Theorem. Let $R$ be a commutative ring with $1$. Then $f(X)=a_{0}+a_{1}X+a_{2}X^{2} + \cdots + a_{n}X^{n}$ is a unit in $R[X]$ if and only if $a_{0}$ is a unit in $R$ and $a_{1},a_{2},\dots,a_{n}$ are all nilpotent in $R$.

Proof. Suppose $f(X)=a_{0}+a_{1}X+\cdots +a_{n}X^{n}$ is such that $a_{0}$ is a unit in $R$ and $a_{1},a_{2}, \dots,a_{r}$ are all nilpotent in $R$. Since $R$ is commutative, we get that $a_{1}X,a_{2}X^{2},\cdots,a_{n}X^{n}$ are all nilpotent and hence also their sum is nilpotent.

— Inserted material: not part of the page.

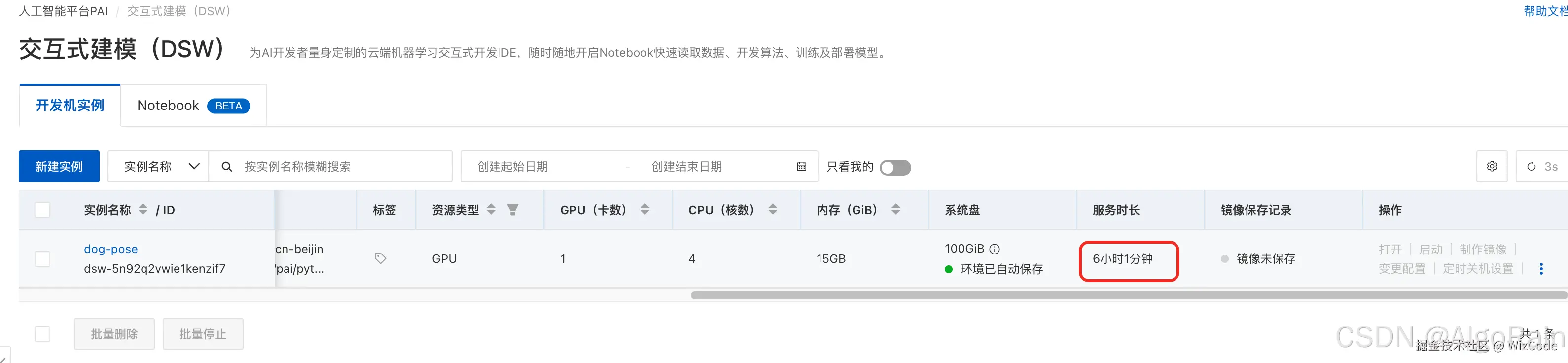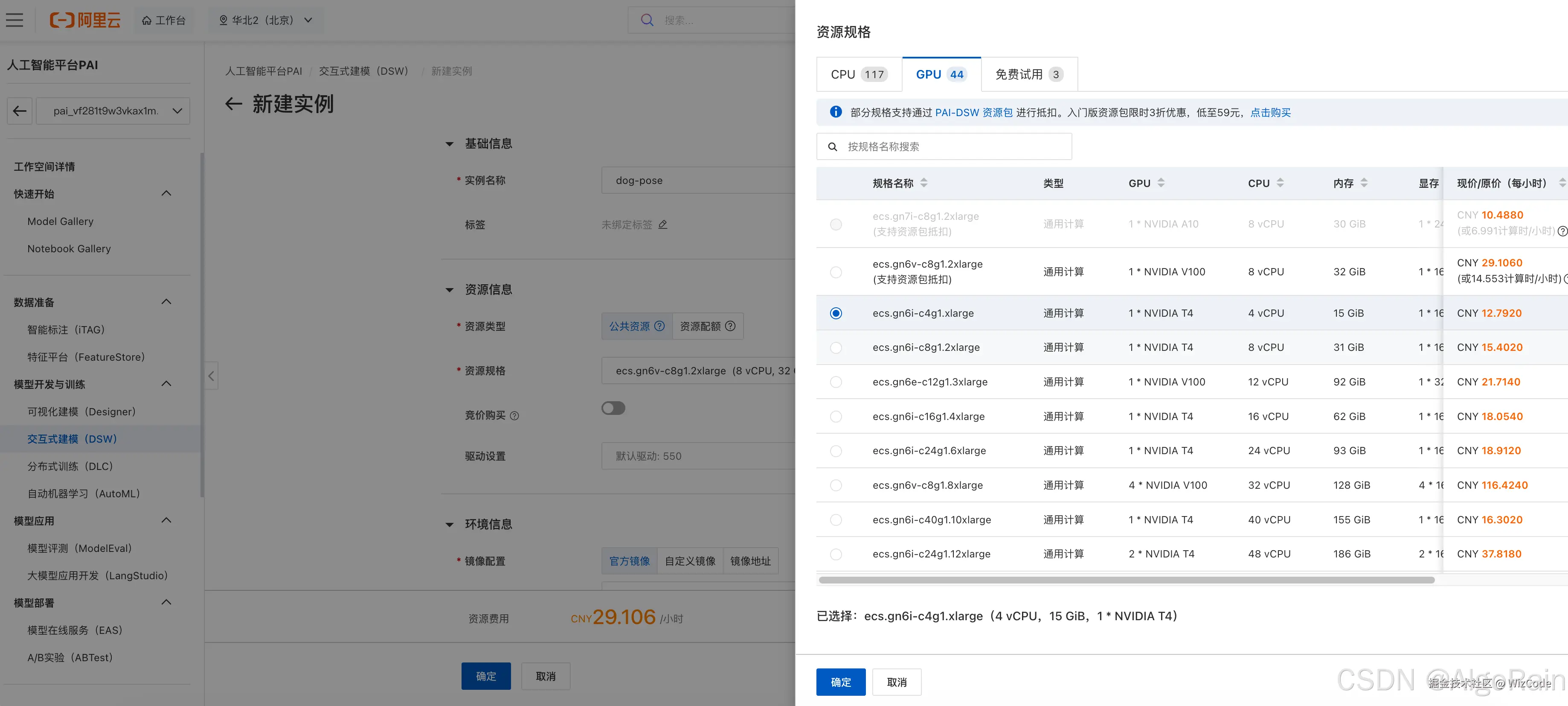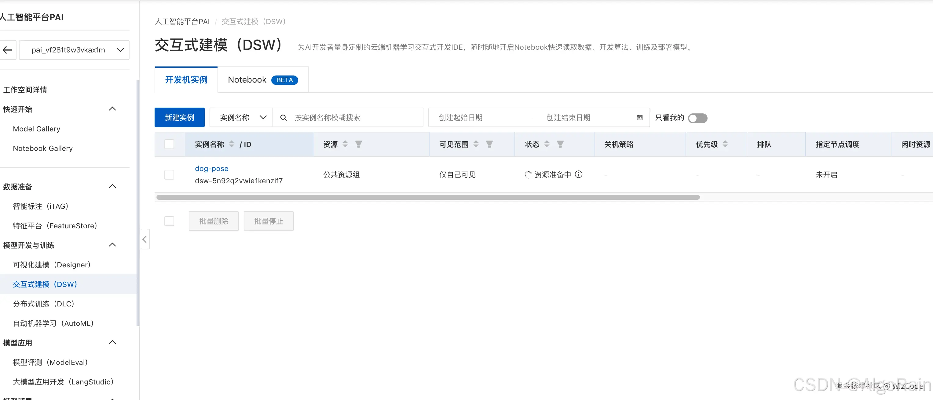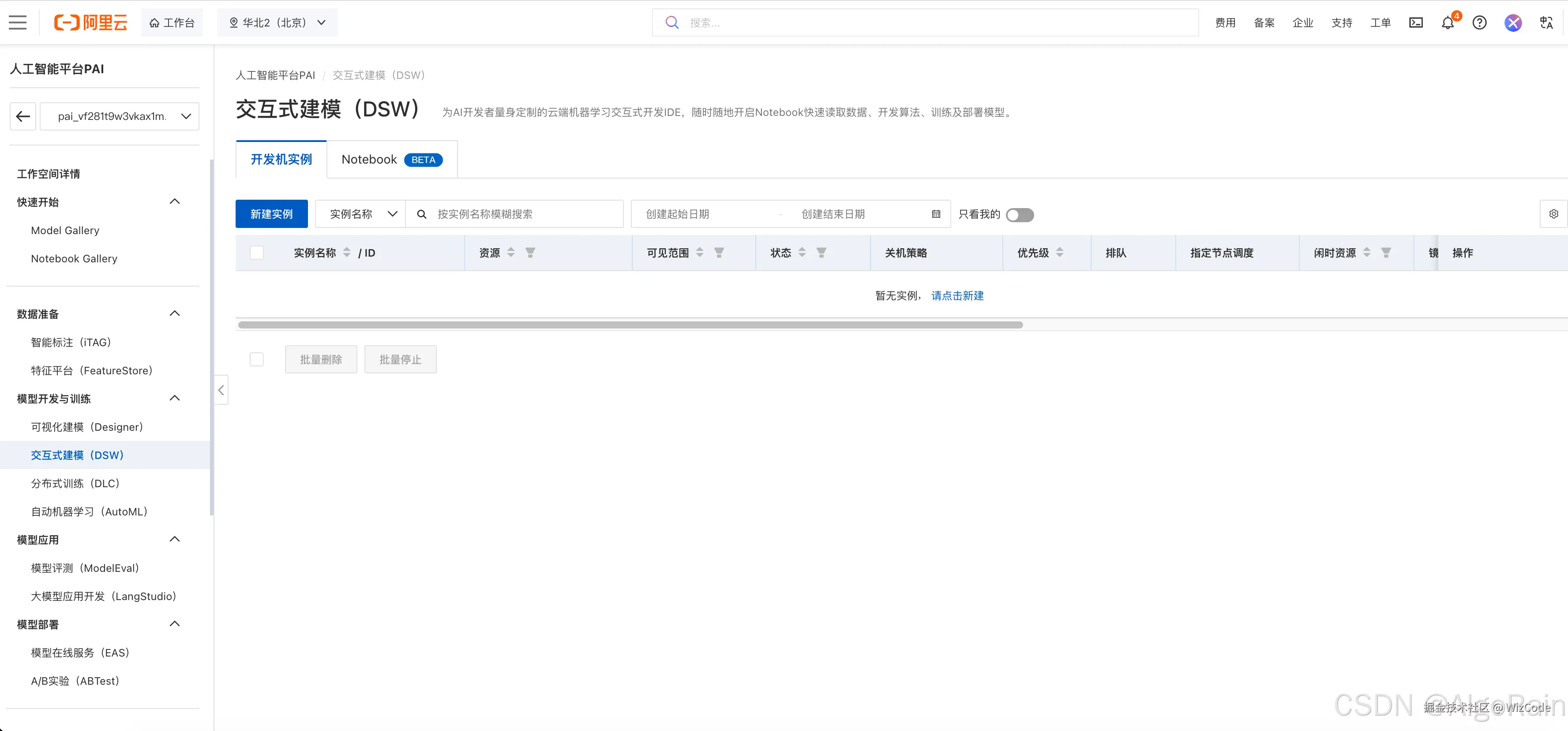 首先在人工智能平台PAI中新建交互式建模的实例

Let $z = \sum a_{i}X^{i}$ then $a_{0}^{-1}z$ is nilpotent and so $1+a_{0}^{-1}z$ is a unit. Thus $f(X)=a_{0}+z=a_{0} \cdot (1+a_{0}^{-1}z)$ is a unit since product of two units in $R[X]$ is a unit.

I have not been able to get the converse part and would like to see the proof for the converse part.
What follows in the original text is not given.